Worked with documentary films for more than 20 years at the Danish Film Board, as press officer, festival representative and film consultant/commissioner. Co-founder of Balticum Film and TV Festival, Filmkontakt Nord, Documentary of the EU and EDN (European Documentary Network).
Awards: 2004 the Danish Roos Prize for his contribution to the Danish and European documentary culture. 2006 an award for promoting Portuguese documentaries. 2014 he received the EDN Award “for an outstanding contribution to the development of the European documentary culture”. 2016 The Cross of the Knight of the Order for Merits to Lithuania. 2019 a Big Stamp at the 15th edition of ZagrebDox. 2021 receipt of the highest state decoration, Order of the Three Stars, Fourth Class, for the significant contribution to the development and promotion of Latvian documentary cinema outside Latvia. In 2022 he received an honorary award at DocsBarcelona’s 25th edition having served as organizer and programmer since the start of the festival.

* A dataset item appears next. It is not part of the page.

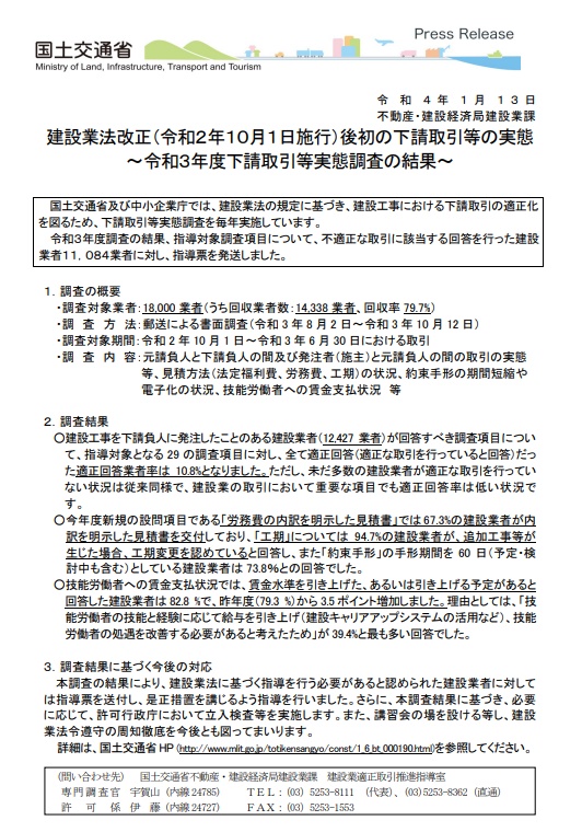 国土交通省は、建設業法改正(令和2年10月1日施行)後、初の下請取引等の実態調査結果を公表しました。

From 1996 until 2005 he was the first director of EDN (European Documentary Network). From 2006 a freelance consultant and teacher in workshops like Ex Oriente, DocsBarcelona, Archidoc, Documentary Campus, Storydoc, Baltic Sea Forum, Black Sea DocStories, Caucadoc, CinéDOC Tbilisi, Docudays Kiev, Dealing With the Past Sarajevo FF as well as programme consultant for the festivals Magnificent7 in Belgrade, DOCSBarcelona, Verzio Budapest, Message2Man in St. Petersburg and DOKLeipzig. Teaches at the Zelig Documentary School in Bolzano Italy.